L’art de faire en sorte qu’un rien égaie le quotidien pénible des moins chanceux d’entre nous

Malheureusement, le monde est tel que nous ne sommes pas tous égaux face à la nature. Certains d’entre nous naissent avec des déficiences diverses qui leur rendent leur vie pénible tant sur le plan physique que sur le plan psychologique.

Pourtant, un rien peut leur faire mieux vivre leur condition et égayer leurs journées. Des milliers de personnes œuvrent quotidiennement pour aider les personnes à déficiences mentales ou physiques pour les aider à accéder à un maximum d’autonomie compte tenu de leur condition.

D’autres, toujours dans la logique de venir en aide aux moins favorisés d’entre nous, ont pour soucis de soigner non pas les corps, mais les âmes de ces personnes et de leur faire vivre leurs vies un peu plus positivement et aussi à s’accepter. Car c’est par l’acceptation de soi que l’autre nous accepte.

Cette Américaine fabrique des peluches pour enfants différents

Amy Jandrisevits une Américaine s’est lancée dans le souci de rendre le quotidien des enfants différents plus agréable dans la confection de peluches qui présent la particularité de porter la même différence que l’enfant, sous la dénomination commerciale “a doll like me”, comprendre, une poupée comme moi.

Comblé, le petit a alors un ami, même s’il est imaginaire, qui lui ressemble et le fait ainsi se sentir moins seul au monde. Les enfants ayant reçu ce type de peluches se sont métamorphosés dans leur comportement et se sont plus ouverts au monde et aux autres, ont rapporté plusieurs témoignages.
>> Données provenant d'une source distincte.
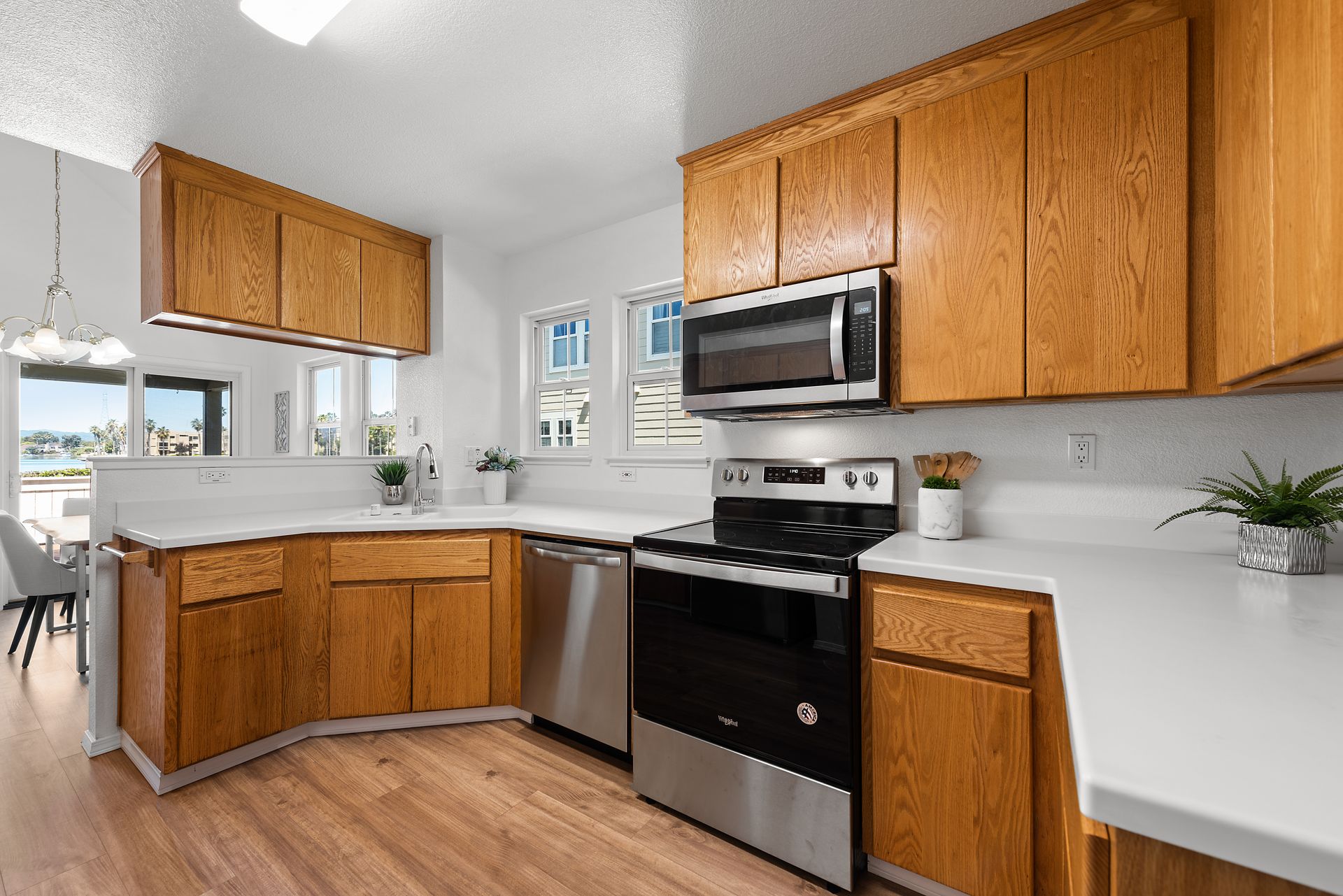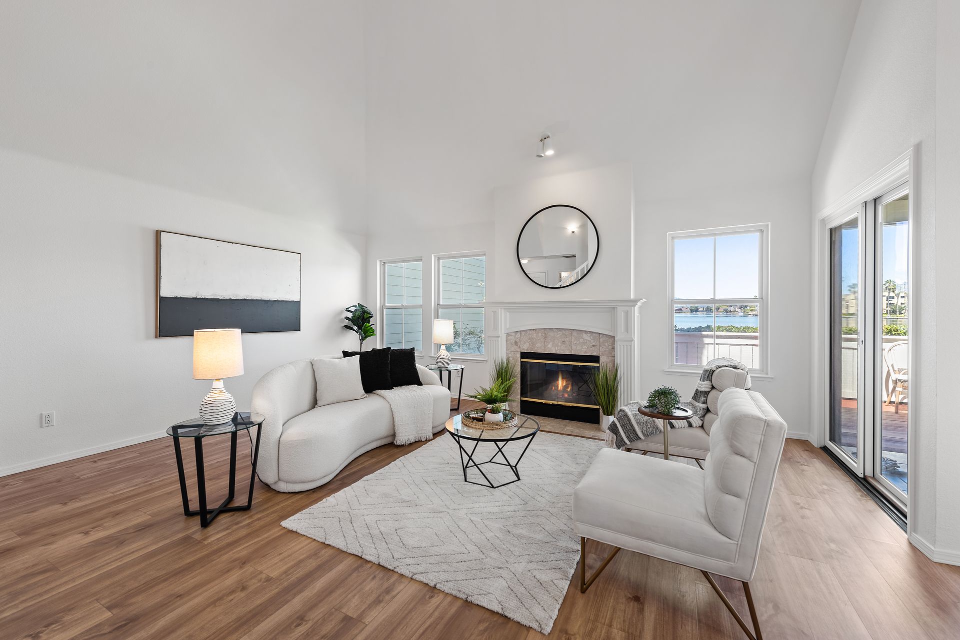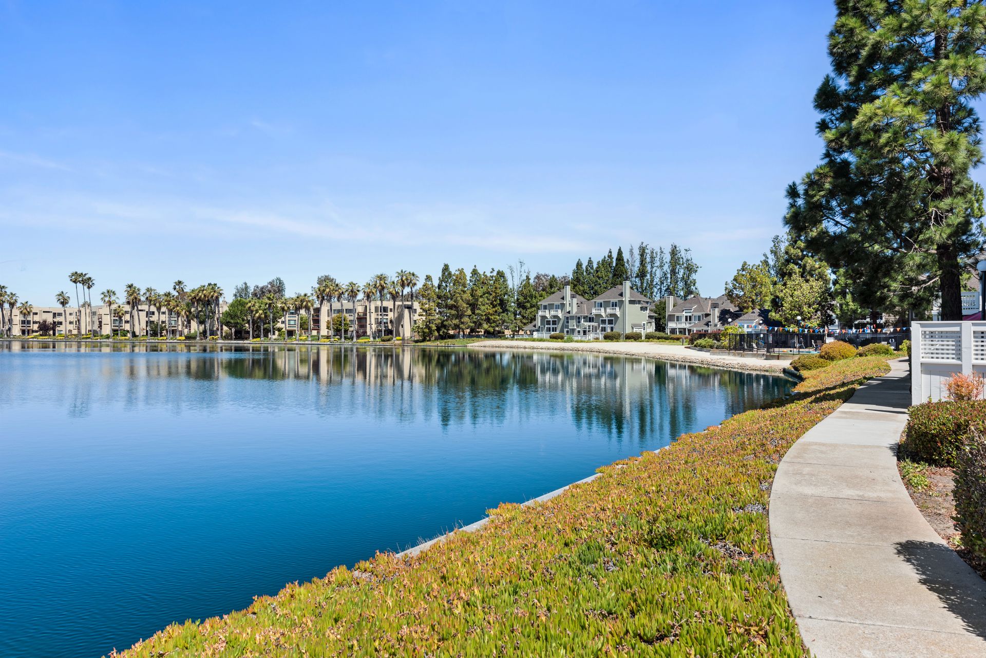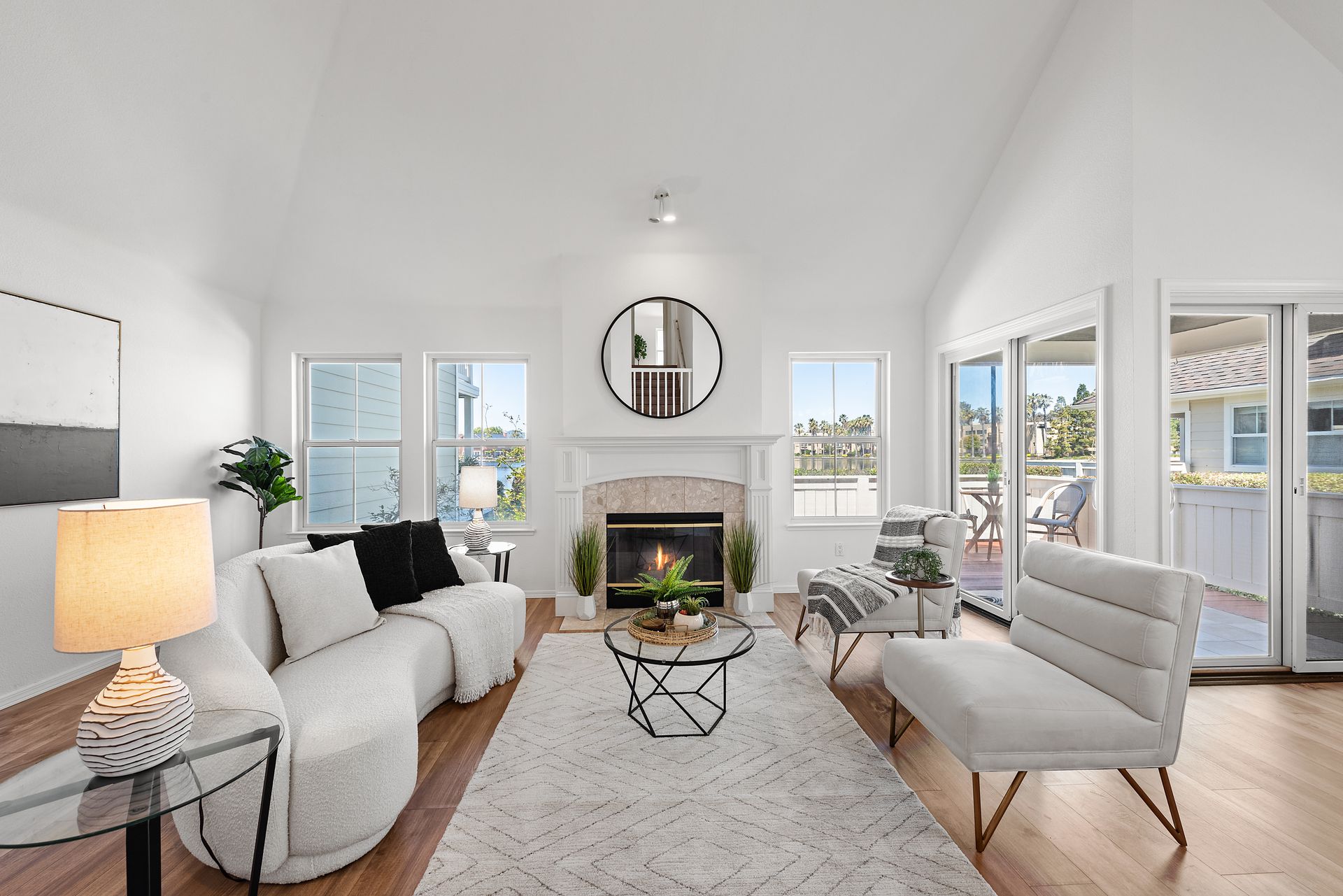 Don’t miss this updated home located in the resort-like Bayfront Court Community. This gorgeous end-unit townhouse features two bedrooms plus a den, office, third bedroom or nursery as well as two and one-half bathrooms. Enjoy high vaulted ceilings in the living room and dining area and cozy up by the beautiful fireplace in the living room making for a warm and comfortable place to entertain. The light-filled home faces the tranquil lagoon making this an ideal location. The open kitchen features ample cabinets and all newly installed appliances. The convenient one-half bath on the first floor makes this a smart choice. The large light-filled primary bedroom features a walk-in closet and a large shower, making this an ideal home and location. Not to be missed is the large attached two-car garage. This complex has a pool, spa and PRIVATE BEACH AREA ON THE LAGOON.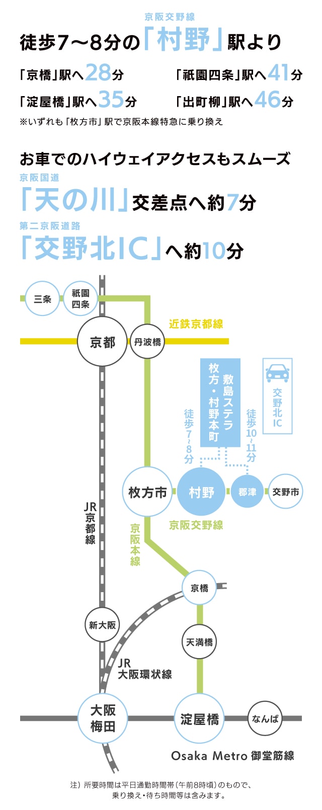 | 交通 | 京阪交野線「村野」駅 徒歩7~8分 京阪交野線「群津」駅 徒歩10~11分 |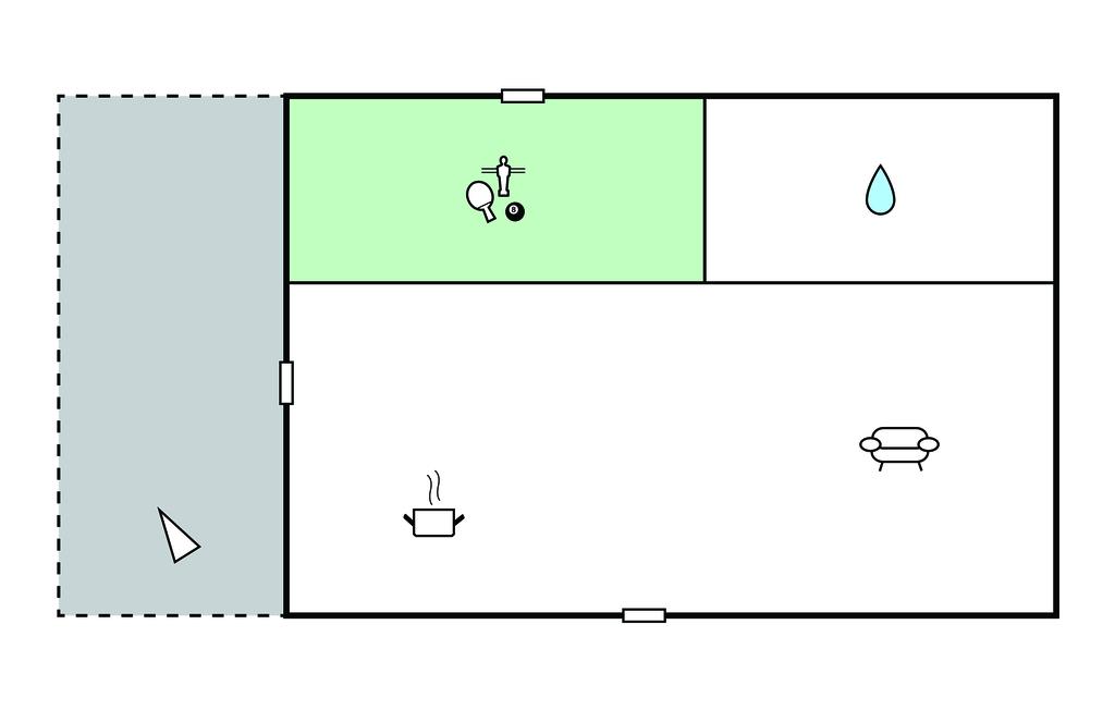 Spisestue 26m2 - 2 Sovepladser. (Sofa, madras eller lignende).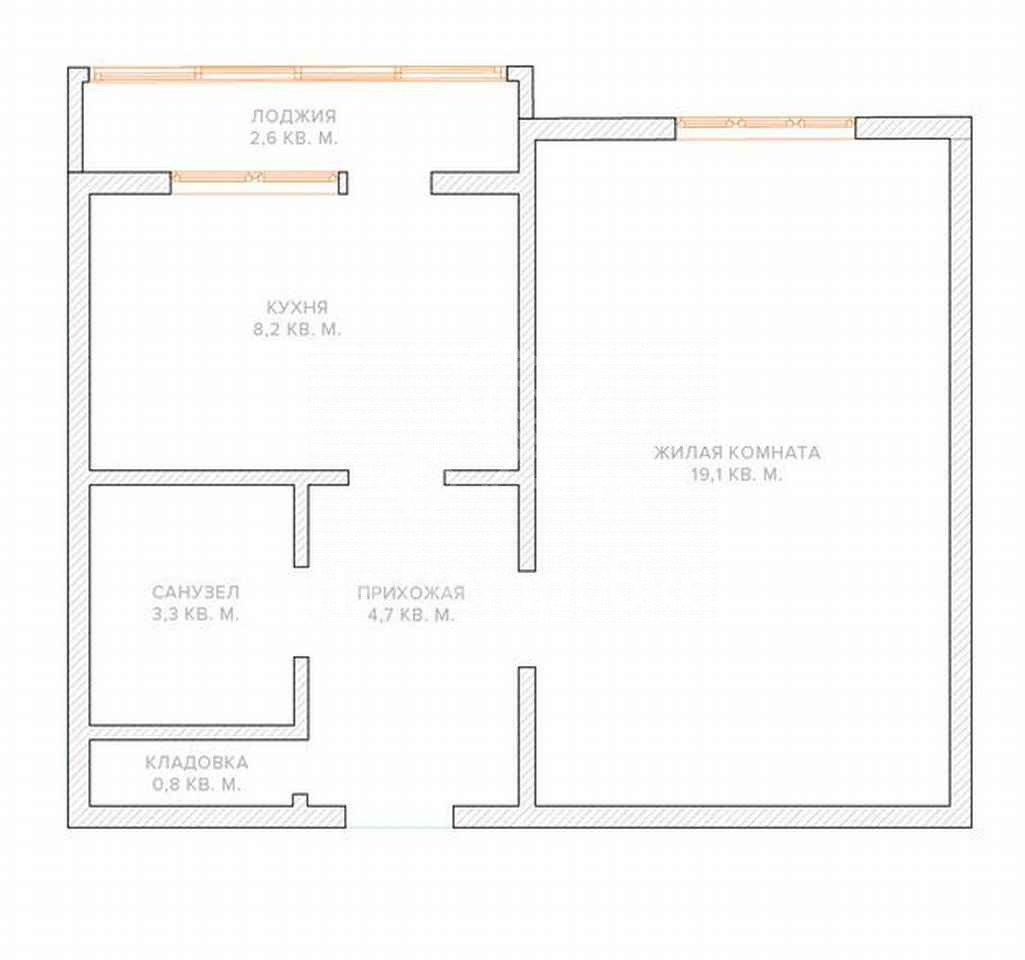 -комната 19,5 кв.м. , кухня  8.2 кв.м. - лоджия   2,7 кв.м.
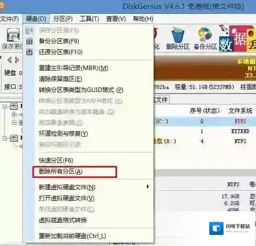 神舟笔记本Win10改Win7 分区转换及装Win7系统:(如果原来是Win8 Win10系统,那么是需要进行分区的GPT要转换为MBR,如果原来就是Win7,且不想分区可跳过该步骤)1、打开上图的Diskgenius分区工具;打开Diskgenius后,选择笔记本硬盘,然后点击“硬盘”–“删除所有分区“,删除前确保资料已经转移,删除后,点击保存更改;如果无需分区的跳过这个步骤,要分区先要备份重要资料,分区后丢失。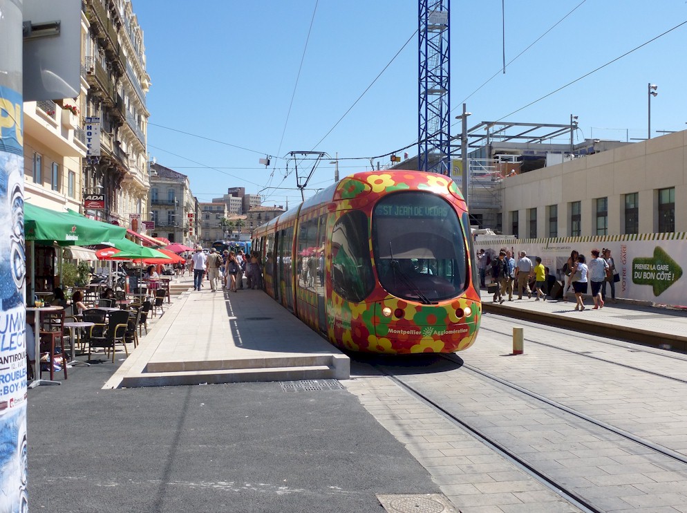 La rame 2063 Citadis 302 Alstom marque l’arrêt à la hauteur du nouveau quai de secours « Gare Saint-Roch » sur voie 2, le vendredi 5 juillet 2013. Copyright : Louis Ferdinand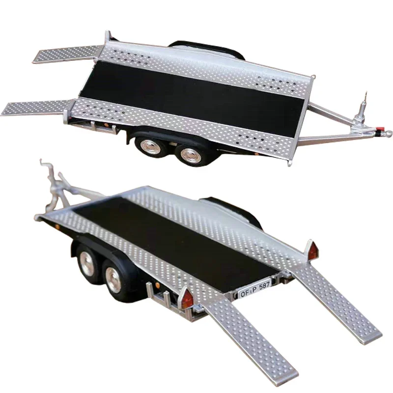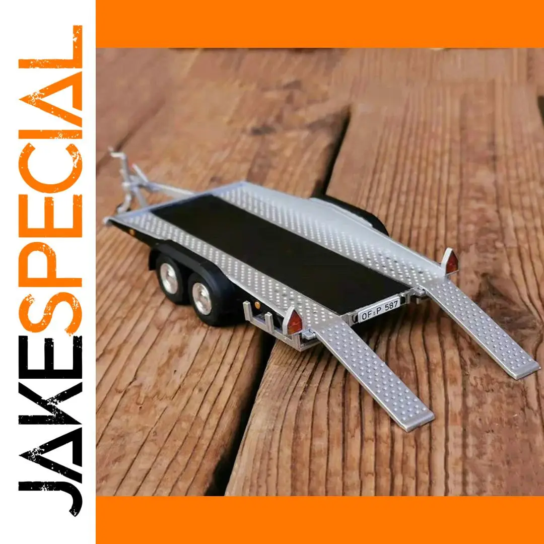 Experience the finest detail with this highly realistic 1/43 scale alloy die-cast trailer, designed to elevate your car model collection. Crafted from durable alloy and metal, it features a sleek black flatbed with a textured silver border, mimicking a reinforced loading surface. Accurate in proportion, it measures approximately 13 centimeters in length, 5 centimeters in width, and 2 centimeters in height, offering an authentic scale experience. The trailer includes detailed small, triangular red and white reflective signs at the rear for added realism. With meticulously crafted edges, polished wheels with silver accents, and a driver-friendly hitch, this model embodies industrial functionality blended with aesthetic precision. It’s perfect for collectors looking to enhance scene setups or display with their 1/43 scale car models.

Certains parents parlent de changements spectaculaires.

Régulièrement, Amy Jandrisevits, se lance dans de nouvelles créations commandées en flux tendu par les parents, puisque la créatrice doit d’abord prendre connaissance de l’enfant et de sa spécificité afin de se lancer dans la confection de la poupée. Une initiative chaudement saluée par l’opinion publique, comme en atteste le buzz que son activité à créé sur la toile et les milliers de messages de remerciements et d’encouragement qu’elle reçoit sur les réseaux sociaux et dans la presse depuis qu’elle s’est lancée dans cette initiative. 

Des collégiens conçoivent et impriment une prothèse fonctionnelle à l’aide d’une imprimante en 3D

Erwan est né avec une main en moins et sa vie est particulièrement pénible lorsque l’on connaît l’importance de la main qu’elle soit gauche ou droite dans le quotidien. Des collégiens de 5ème du collège Saint-Joseph de Concarneau (Finistère) avec l’aide de leur professeur ont, pour lui venir en aide, conçus et imprimé en 3D une prothèse parfaitement fonctionnelle. Ce qui est impressionnant pour des adolescents de leur âge.

En plus de venir en aide à un de leur camarade qui en avait besoin, ils ont démontré que leur haut niveau d’expertise dans la conception de prothèses. Et ainsi prouvés qu’ils sont de véritables ingénieurs en devenir. Erwan utilise sa prothèse le plus normalement du monde. Elle remplit les fonctions qui sont attendues d’elle et a totalement métamorphosé la vie du jeune garçon. Si il ne peut certes pas effectuer de gestes de précision comme par exemple boutonner une chemise, sa prothèse est en revanche parfaitement efficace en ce qui concerne la nécessité de se saisir d’objets ou encore, d’appuyer sur des boutons.